Last month I found a girl. A girl who professed to love me. A girl that holds me and tells me I am her everything. She tells me every day how much she loves me and how lucky she is to have me. It's everything that I could ever want. And slowly--so very slowly--I am growing closer to her. Because I am still so very afraid. Afraid of my own feelings, afraid of being loved, afraid of letting someone close again.
I'm terrified of LOVE. The one thing I used to live for. The thing that made me believe the world was so fucking amazing it took my breath away. And I'm afraid of it now. Afraid of that closeness. Afraid that I'll get attached again, and that when I watch her walk away like he did I won't be able to pick myself up, I so barely scraped by last time. I'm still scraping by now. I'd be lying if I said otherwise. Lying to myself, lying to everyone around me.

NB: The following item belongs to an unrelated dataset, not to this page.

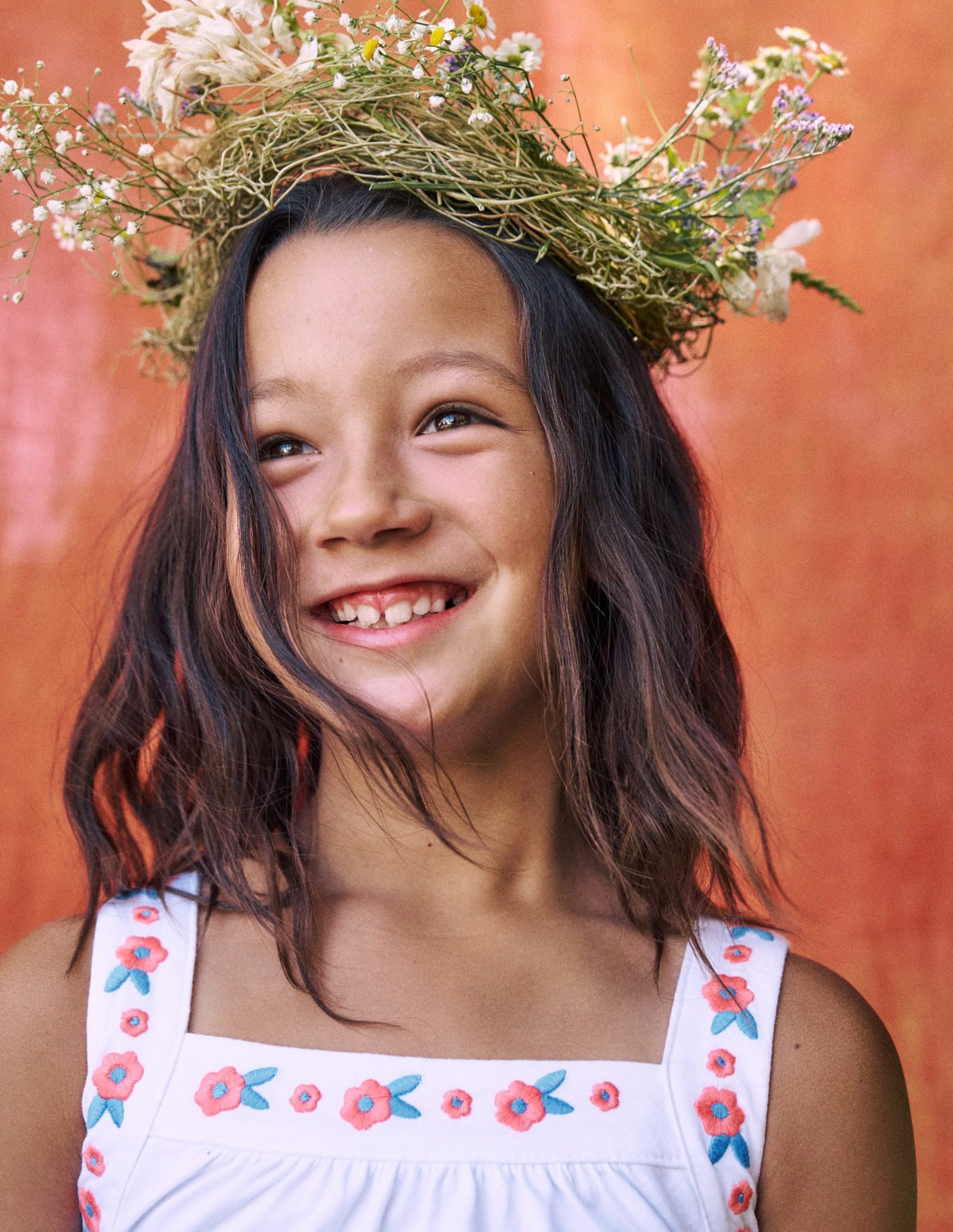 We’ve worked our embroidery magic into the front and back straps of this adorable 100% cotton top. It sits on delicate skin as light as a cloud on summer days.

My friends see it more readily than I am willing to admit it. The love that is still in my eyes. The way my smile springs so readily to my lips around him. And I hate myself for it. I hate myself for still loving him. Because he loves my best friend. I should have better control over myself. I know that pain. I KNOW how it feels to see the person you love be in love with your best friends. And I can't stop. I can't stop loving that moron.
And all of this terrifies me. Absolutely terrifies me. Because I have found someone who is devoted to me. Someone who makes me smile and laugh. Who tells me every day the things I never thought anyone would tell me ever again. She makes me feel wanted...makes me feel like I am perfect...when the last person who told me I was everything threw me away like nothing.
I'm so lost. And on top of that I have to deal with my grandmother being diagnosed with brain cancer. I don't know what to do.